The respondent was paid Kshs.54,030/= being three months salary in lieu of notice. In addition a token of Kshs.10,000/= was paid in appreciation of his long exemplary service with the appellant.
This latter payment is not part of what an employee would normally be paid. As we stated earlier the respondent’s service with the appellant spanned a long time. He rose through the ranks and his service was exemplary. At the time his case was heard he had already attained the age which if he had continued with his employment he would not have been compulsorily retired. He was retired when he was 51 years old. He therefore lost about 4 years of service. That being the case no allowance would have been taken of death or sickness as he was healthy when his matter was heard. However, the issue of accelerated payment should have been considered and taken into account. It would also appear from the evidence of Joel Musese Kisembe (DW1) who was called by the appellant, that housing allowance was regarded as remunerative as it was taken into account in computing pension. In our view therefore, considering the facts and circumstances of this case the trial court should have discounted a percentage of the award made on salary for accelerated payment. However, considering that the respondent’s salary would probably have been adjusted upwards through annual increments or promotion the trial court should have but did not take that into account. Such an increment would probably have affected the total pension. Bearing the foregoing in mind we interfere with the award on the head of salary by increasing it by a conservative 5%. We would then discount the total award by 3% to allow for the accelerated payment with the net result that the award on loss of salary is increased by two per cent.

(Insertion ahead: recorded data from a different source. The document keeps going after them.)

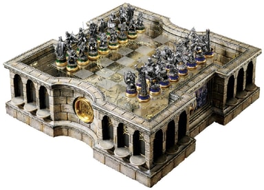 Skaffa detta Noble Collection Lord of the Rings schack och du kommer få filmexakta schackpjäser i metall på en spelbräde i glas med kartan över Middle-Earth synlig under den. Spela ett av de äldsta spelen med stil.Läs mer om produkten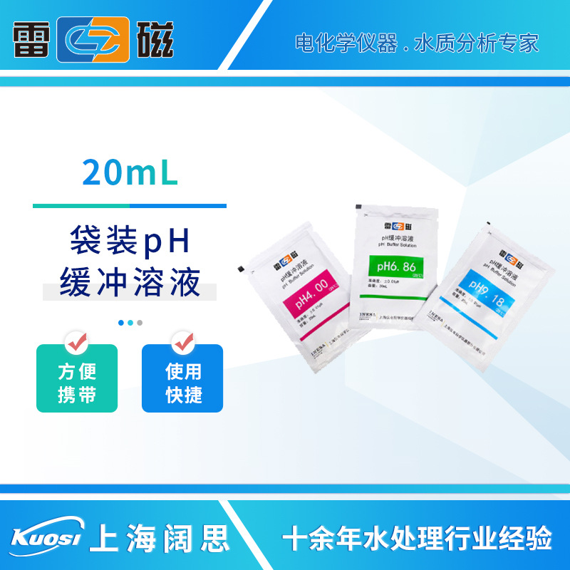 雷磁ph标准液ph计校准液袋装pH缓冲溶液PH4.00/6.86/9.18缓冲试剂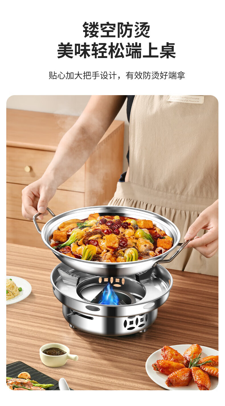 MAXCOOK same style dry pot pot, commercial alcohol stove, hotel special stainless steel 316 food grade household alcohol stove, small for 3-4 people (with lid) 316 steel dryer 11 inches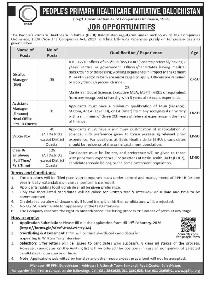 The People’s Primary Healthcare Initiatives (PPHI) Balochistan is inviting applications for multiple positions across the province. These roles are offered on a temporary basis under Section 42 of the Companies Act, 2017.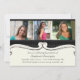 This graduation party announcement has a trendy black and white mini polkadots pattern in the background on the back. At the top on the backside, you can personalise this with three of your photographs. At the bottom, you can customise the text to be an invite/announcement of a graduation ceremony or a party to celebrate the graduation. On the front, you can add another photograph of the graduate. On the top left, there is a stylish black swirl badge with Class of 2012 written. You can customise the year to be whatever year you are graduating. This graduation announcement has a total of 4 photos that you can add, 3 on the back and 1 on the front.

As regards pension, we think that the respondent would be entitled to the difference between what he should have been paid had he retired normally, and what he was paid by the appellant. In his plaint the respondent claimed shs.876,988.20 as loss of pension.

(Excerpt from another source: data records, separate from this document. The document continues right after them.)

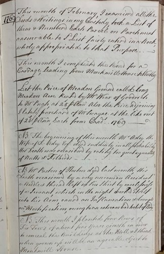 This diary is more of a ‘month to view’ rather than a daily diary. It came to the archives as part of the collection of John Letal of Tetbury, a solicitor of Wotton-Under-Edge. We know little about the author, John Osborne, other than what is contained within this diary. He lived at Monk's Mill House near Wotton-under-Edge but also owned property at Goodrich in Herefordshire. Osborne entitled this diary ‘Observations on the many trivial, as well as material, occurrences of my life, committed to writing mainly for the assistance of my memory being by no means so good as I could wish and may be of some advantage to those that succeed me.’ The diary rarely months or dates, but generally devotes a page to a month – the page here is for February 1769. In this month, Osborne records that he listed and numbered his property deeds, let a piece of land called Long Meadow and purchased an adjoining piece of land, completed a road at Monks Mill and put in a hedge of fir trees to hide the unsightly mill buildings below his house. He also recording two unusual deaths. The first was that Mrs. Adey died "by eating too great a quantity of Nutts & Filberds" (filberds or filberts being an old name for hazelnuts). A rather scarier death was that of Mr Paston of Horton, who died by "a needle thread left in his shirt by carelesness of a servant, which in the night work'd itself into his Arm, caused an Inflamation and brought on a Mortification, owing to an extream bad habit of Body".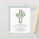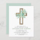 バジェットセージ緑の女の子のユーカリとクロス植物緑の水色宗教的な最初(1st)聖なる聖餐式招待状。
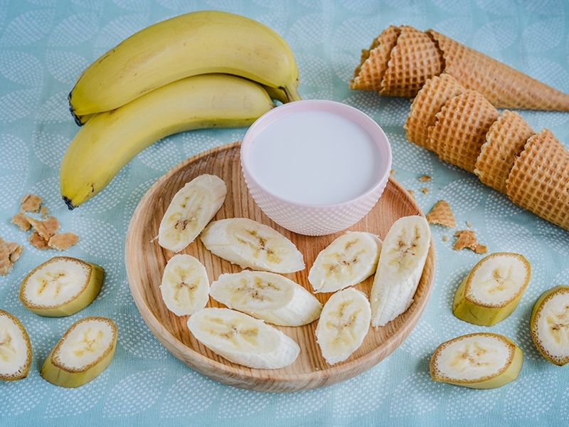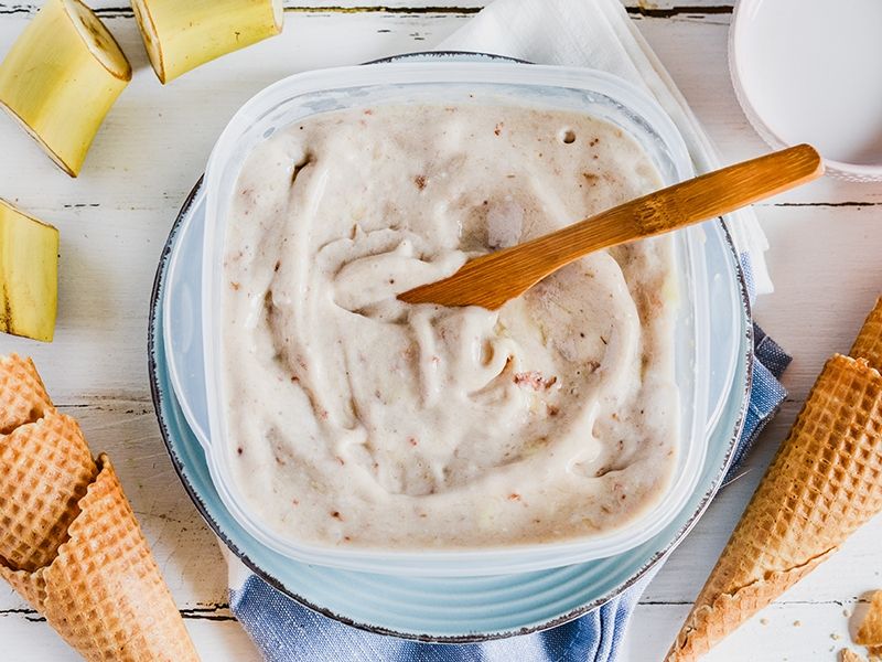Dojrzałe banany myjemy, obieramy ze skórki i kroimy w plasterki. Przekładamy do plastikowego naczynia i wkładamy do zamrażalnika na min 2 godz. Po wyjęciu, gdy są jeszcze dosyć miękkie, polewamy je mlekiem kokosowym i blendujemy na gładki krem. Ważne, aby banany były dojrzałe, wówczas nabiorą kremowej konsystencji i dodadzą deserowi słodkości. Za pomocą łyżki do lodów nakładadamy kulki do wafelków lub pucharków.

In his evidence he stated that had he retired normally he would have been paid Kshs.5,013,635.80.
The appellant worked the pension on the basis of an annual salary of K?10,806 and added ?600 housing, and multiplied the total figure by 319 months to get K?7277 as pension. They divided by 500 to get ¼ of the pension, which was paid in cash. After the payment ?5457, shs.15 and 42 cents remained. They then added a gratuity of ?27288 Kshs.17 and 10 cents to bring the total to ?22,7460, Kshs.12 cents 52, which is equivalent to a rounded sum of Kshs.700,000/=.
The respondent did not explain how he arrived at the figure of Kshs.5,013,635.80. In our view therefore the pension loss by the respondent should be worked out on the basis of the number of months he would have worked had he retired at the age of 55 years less what he was paid. As we do not have the figures with us the Deputy Registrar of the superior court with the assistance of the parties to work out the exact sum due on this head.
We set aside the awards on loss of telephone facilities, loss of annual leave, loss of insurance cover and loss of travelling warrants. The superior court judgment is varied to the extent we have indicated above.
The appellant has succeeded in part. However, in view of that and the fact that it provoked the litigation, the order which commends itself to us on the issue of costs is that each party shall bear own costs in this appeal.
Dated and delivered at Nairobi this 25th day of July 2008
JUDGE OF APPEAL
JUDGE OF APPEAL
JUDGE OF APPEAL
I certify that this is a true copy of the original.